Aan mijn bevallige collega Chantalle hoefde ik niet eens te vragen of ze mee wilde. Zij had het veel te druk met verliefd zijn op een jongen die bij de marine zat maar er niet bepaald zo uitzag. Hij leek enorm op de pianist Jan Vayne, met zijn lange haar en lange vingers. Als hij en zijn kornuiten aan de bar zaten was er geen land meer met Chantalle te bezeilen, ze was alleen maar bezig met hem. Omdat die knaap ons iedere avond vroeg het nummer Kiss from a Rose van Seal te draaien raakte Chantalle in de ban van dat liedje. Na sluitingstijd draaiden we het nog een paar keer om samen de tekst te ontleden. Ik kon die Seal na verloop van tijd wel drómen.

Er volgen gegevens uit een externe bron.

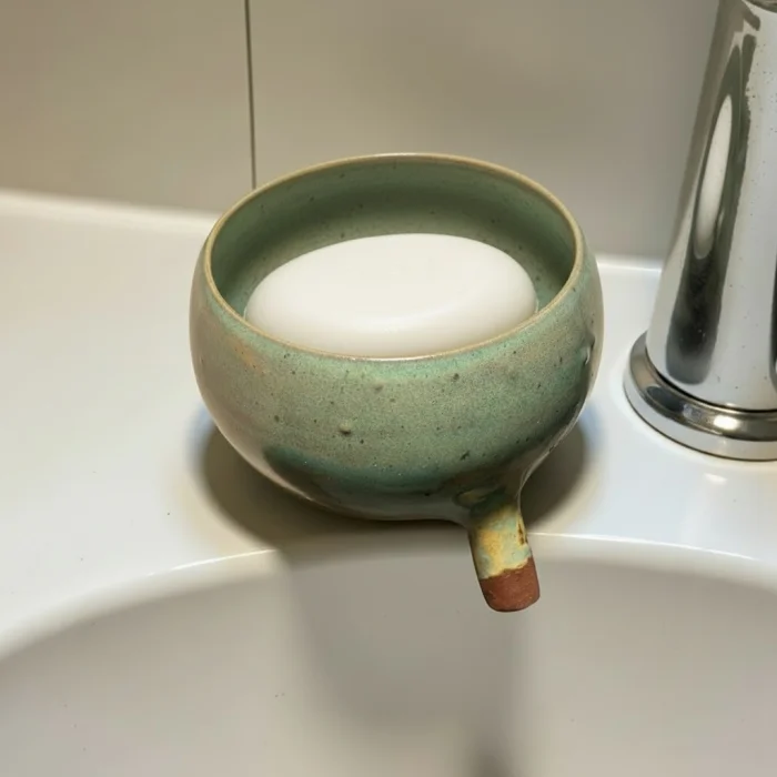 The inner chamber where the soap is placed is completely glazed. This water-resistant surface allows for easy cleaning and hygienic use. The natural and matte texture on the exterior and the glazed surface on the inside combine to offer a simple yet characterful look.
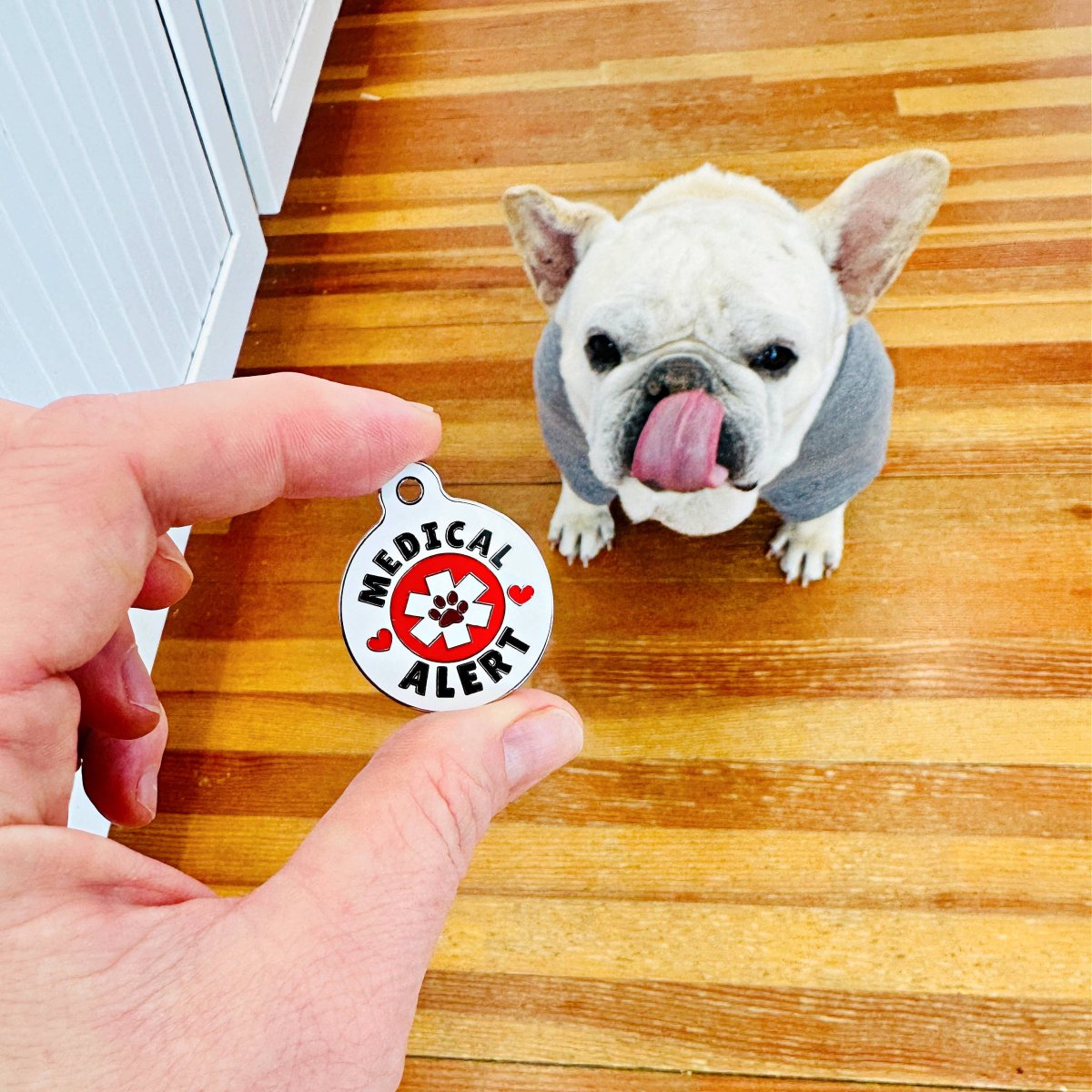 Houd je huisdier veilig én stijlvol met onze opvallende rood-witte “Medical Alert” hondenpenning – speciaal ontworpen voor huisdieren met bijzondere zorgbehoeften. Personaliseer de achterkant met belangrijke informatie voor gemoedsrust in elke situatie!
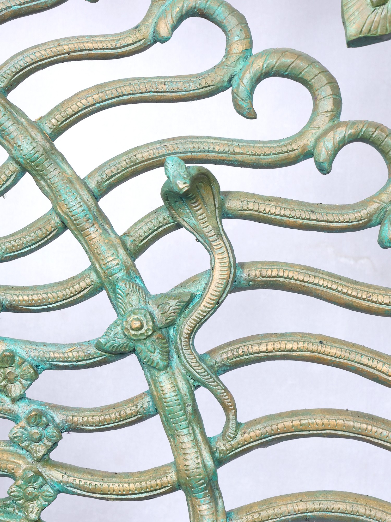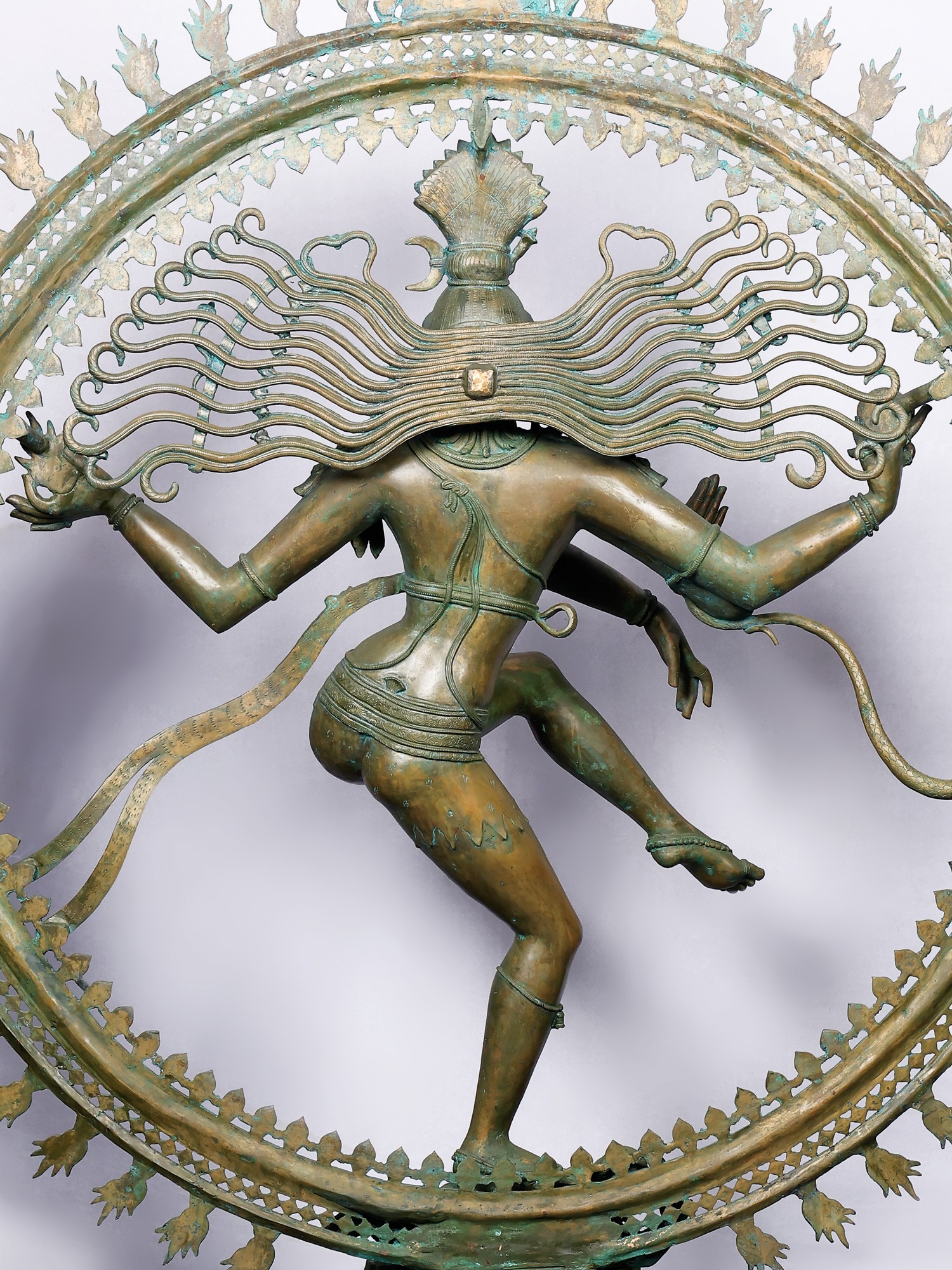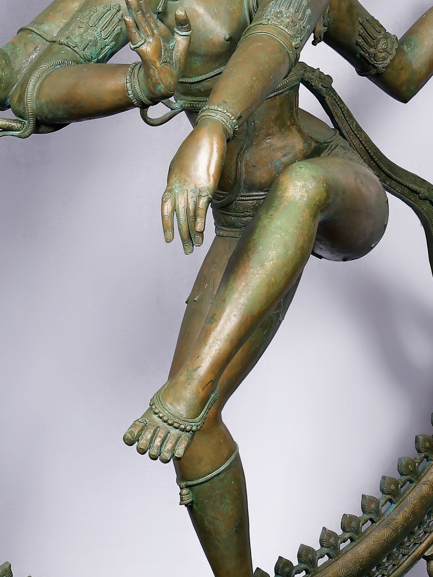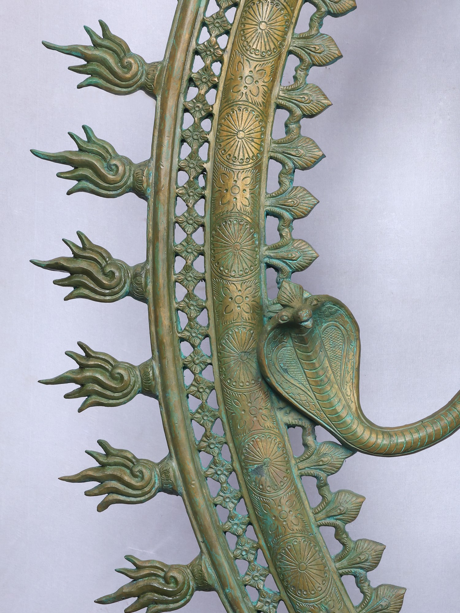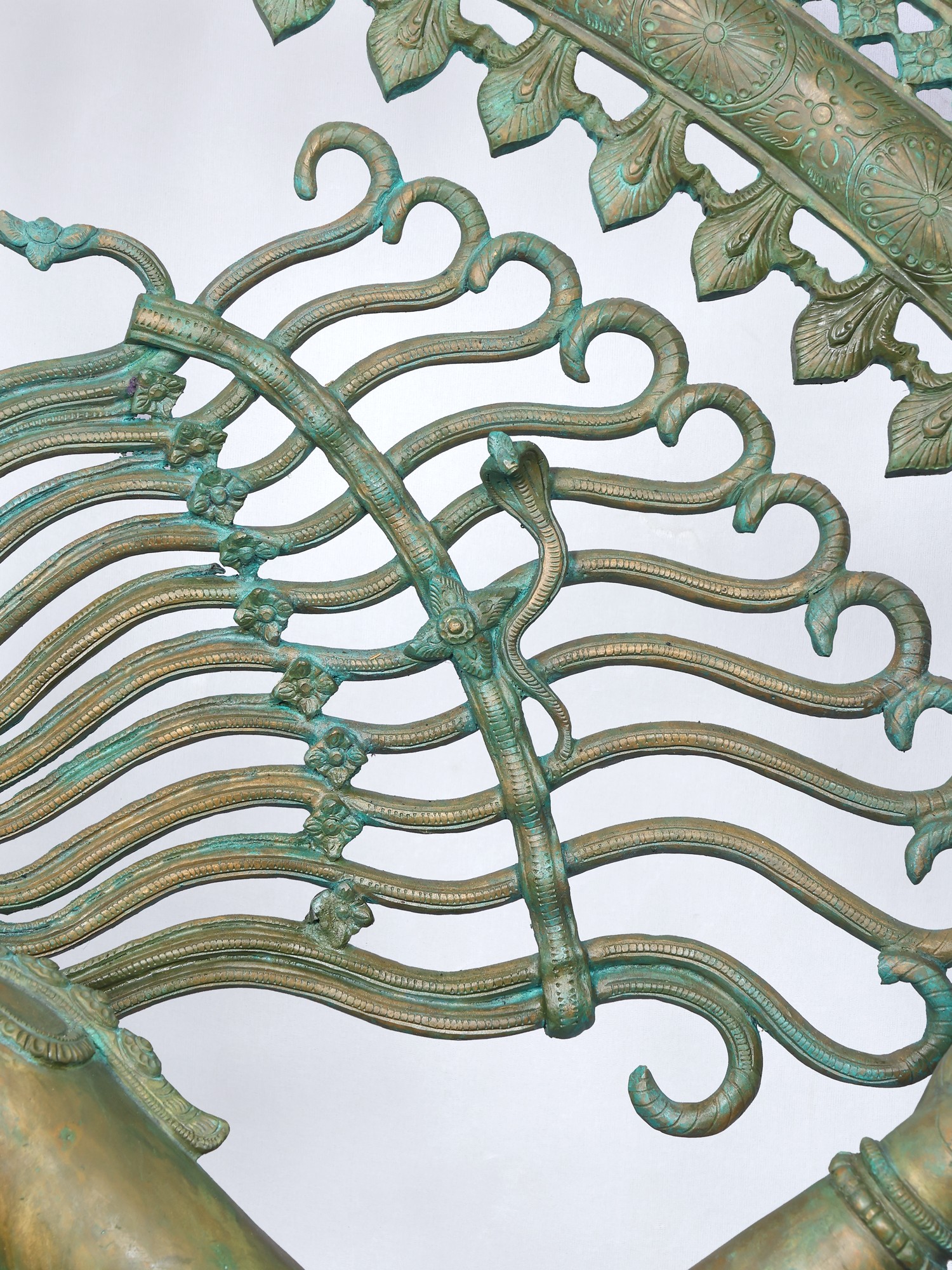 This awe-inspiring Nataraja sculpture is a profound representation of Hindu cosmology and philosophy. The undulating patterns within the aureole echo the cyclical movement of time and the ebb and flow of universal energy. The cobra coiled around Shiva's neck is a symbol of his control over primal forces and his transcendence of fear. The gentle smile on his face signifies his detachment from the material world and his inherent peacefulness amidst the universal chaos. This magnificent piece serves as a focal point for meditation and contemplation, inviting devotees to connect with the divine energy of transformation and renewal that Nataraja embodies. Its sheer scale and intricate craftsmanship make it a commanding presence, suitable for large halls, temples, or as a statement piece in a culturally rich environment. The patina, a result of the casting process and time, adds depth and character, hinting at the stories and millennia of worship it has witnessed.
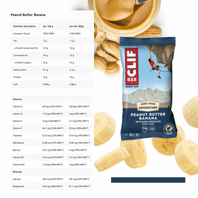 תדלקו את ההרפתקאות שלכם עם קופסת ה-Clif Bar Energy Bar חטיף טעים המכיל את כל הפחמימות, החלבון והסיבים הדרושים כדי לשמור על הביצועים הטובים ביותר.

Onderweg naar Hilversum hoorden we op de radio de hit van Seal. Ik zong het uiteraard uit volle borst mee en vertelde met een grijns over ‘die pianist’ van mijn collega. Ik merkte op dat een beetje muziekkennis nooit kwaad kan. Misschien zou Reinier me er wel een vraag over stellen! Dat hij dat een paar uur later inderdaad deed kon ik bijna niet geloven. Nog stijf van de zenuwen stond ik daar tussen de camera’s en studiolampen toen ik de presentator al na vijf minuten hoorde zeggen: “en nu een vraag voor Edwin”. Er werd een videoclip vertoond van de film Batman Forever, met het bewuste nummer van Seal als soundtrack. Dat kon toch niet waar zijn? Ik zong het nummer uiteraard mee, maar toen Reinier me vervolgens vroeg wie de uitvoerende artiest was stamelde ik slechts: “Terence Trent D’arby”. Waar kwam dat in vredesnaam vandaan? Die twee zangers lijken niet eens op elkaar! Ik schaamde me dood.

Uiteindelijk won ik de aflevering nog ook, maar Seal zou me nog lang achtervolgen. Als iemand het nummer aanvroeg in het café werd steevast Dance little sister vanTerence Trent D’Arby opgezet. Horecahumor, dat zou me wel leren!